**Exercise instructions:** Word for word, set down the lines from the one that holds "Тумба под TV" through the final line of the listing below, and exclude every picture.

======== Stored data

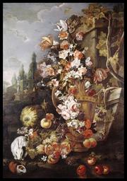 Keywords: Franz Werner von Tamm - Still Life of Flowers and Fruits in a Garden - Walters 371674.jpg A deceptively casual cascade of sweet-smelling roses tulips and other cultivated flowers combined with luscious ripe fruit including a melon grapes and a pomegranate sliced open is set before a classicizing urn in an aristocratic garden accompanied by a rabbit and guinea pig The owner of a palatial home in Rome or northern Europe around 1700 would appreciate this still life as a frank celebration of abundance fertility and the satisfaction of indulging the senses that would bring cheer to the walls even in the depths of January Tamm worked for princely collectors in Rome and Vienna where a similar composition was commissioned in 1707 by the prince of Liechtenstein for his palace there Such large decorative paintings were commonly hung in massed groupings like the present one The dark rich style owes much to Neapolitan still-life painters whose work was popular in Rome Indeed this painting and its companion Walters 37 1673 have also been attributed to the Neapolitan Nicola Malinconico 1663-1721 Zeri Italian paintings in the Walters Art Gallery 349 470-471 between 1700 1710 Baroque Oil on canvas Painted surface cm 171 5 123 5 accession number 37 1674 33606 Don Marcello Massarenti Collection Rome date and mode of acquisition unknown 1897 catalogue no 446 as Mario dei Fiori Henry Walters city Baltimore Walters Art Museum Henry Walters Acquired by Henry Walters with the Massarenti Collection 1902 World of Wonder The Walters Art Gallery Baltimore 1971-1972 place of origin Vienna Austria Walters Art Museum license 2D Baroque paintings in the Walters Art Museum Franz Werner von Tamm Media contributed by the Walters Art Museum needs category review Media contributed by the Walters Art Museum needs artist update
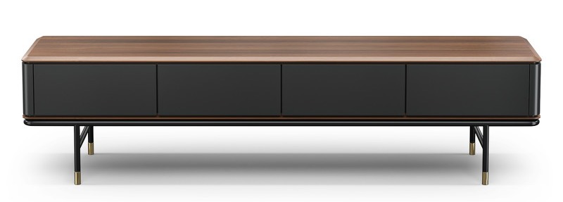Тумба под TV с четырьмя ящиками из коллекции Altea от бренда MOD Interiors. Стиль mid-century modern с влиянием ретро 60-х. Высокие черные ножки с латунными колпачками. Матовые грифельно-серые фасады. Столешница из шпона ореха со скругленными углами. Четыре ящика с системой push-to-open.
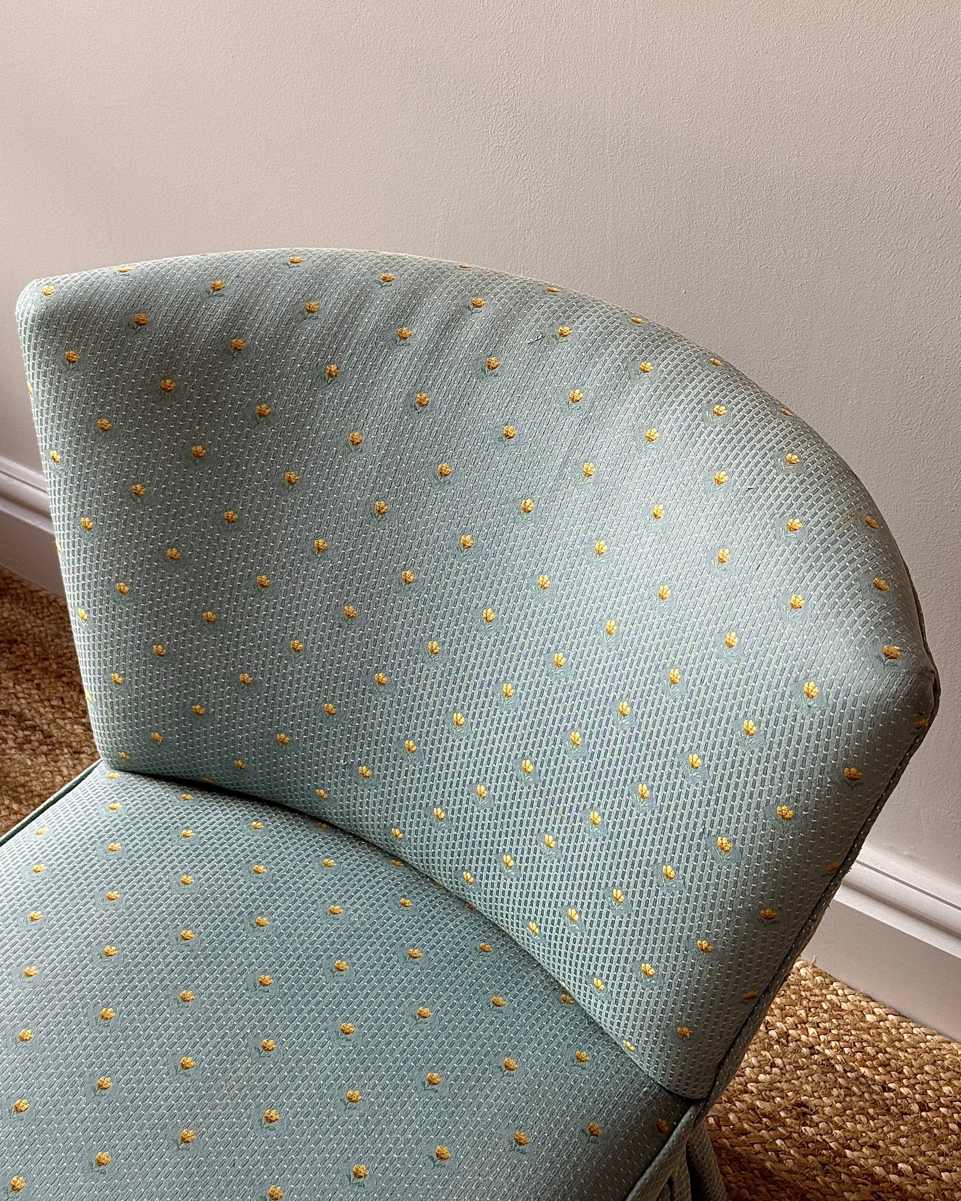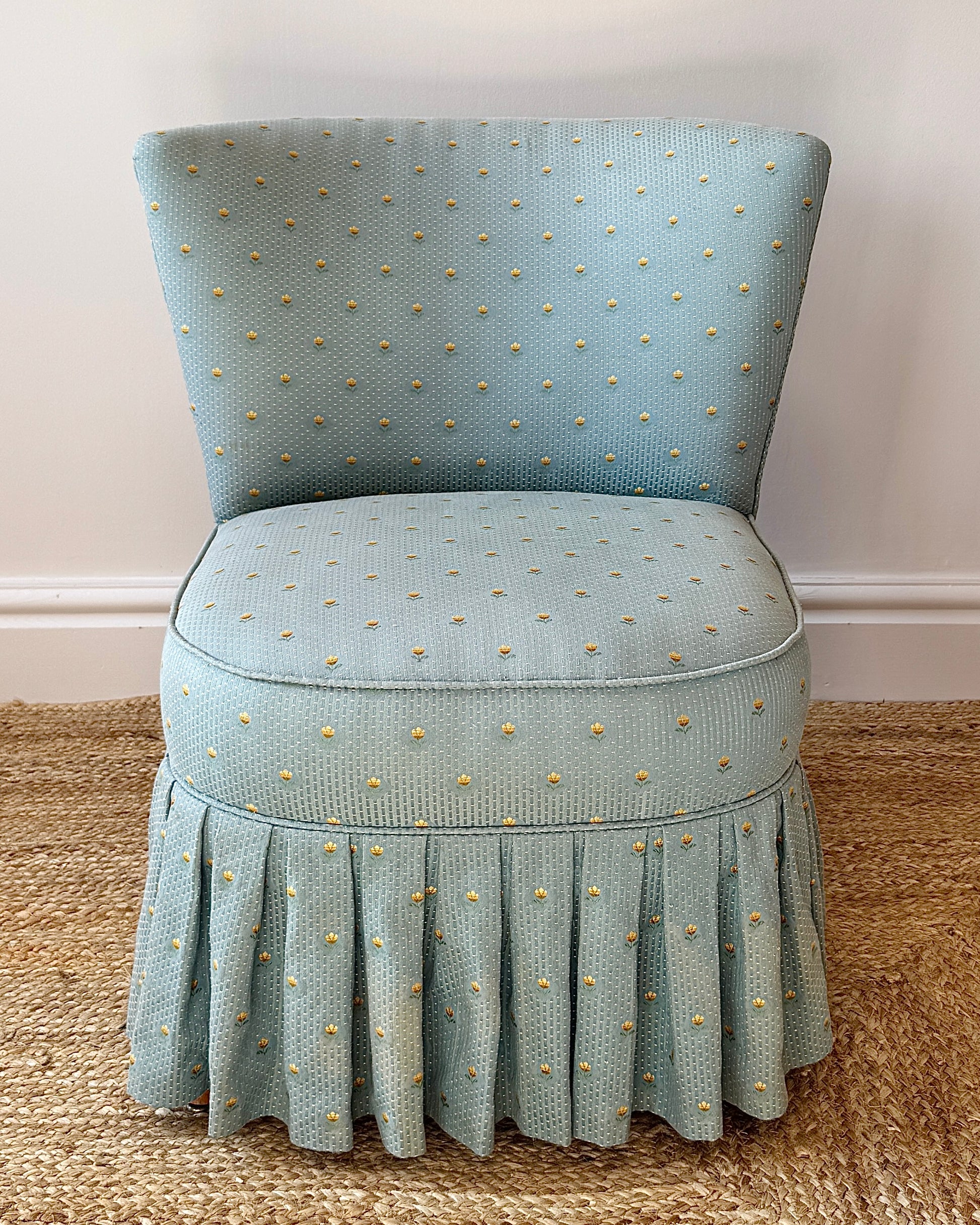 French mid-century slipper chair upholstered in a beautiful pale blue fabric, embroidered with delicate tulip motifs in three tones of yellow. There is such gorgeous detailing and depth to this fabric. The chair features a skirted base and the classic low, armless silhouette with a gently curved back and a generously cushioned seat.

================

**Answer to this exercise:**
Тумба под TV с четырьмя ящиками из коллекции Altea от бренда MOD Interiors. Стиль mid-century modern с влиянием ретро 60-х. Высокие черные ножки с латунными колпачками. Матовые грифельно-серые фасады. Столешница из шпона ореха со скругленными углами. Четыре ящика с системой push-to-open.
 French mid-century slipper chair upholstered in a beautiful pale blue fabric, embroidered with delicate tulip motifs in three tones of yellow. There is such gorgeous detailing and depth to this fabric. The chair features a skirted base and the classic low, armless silhouette with a gently curved back and a generously cushioned seat.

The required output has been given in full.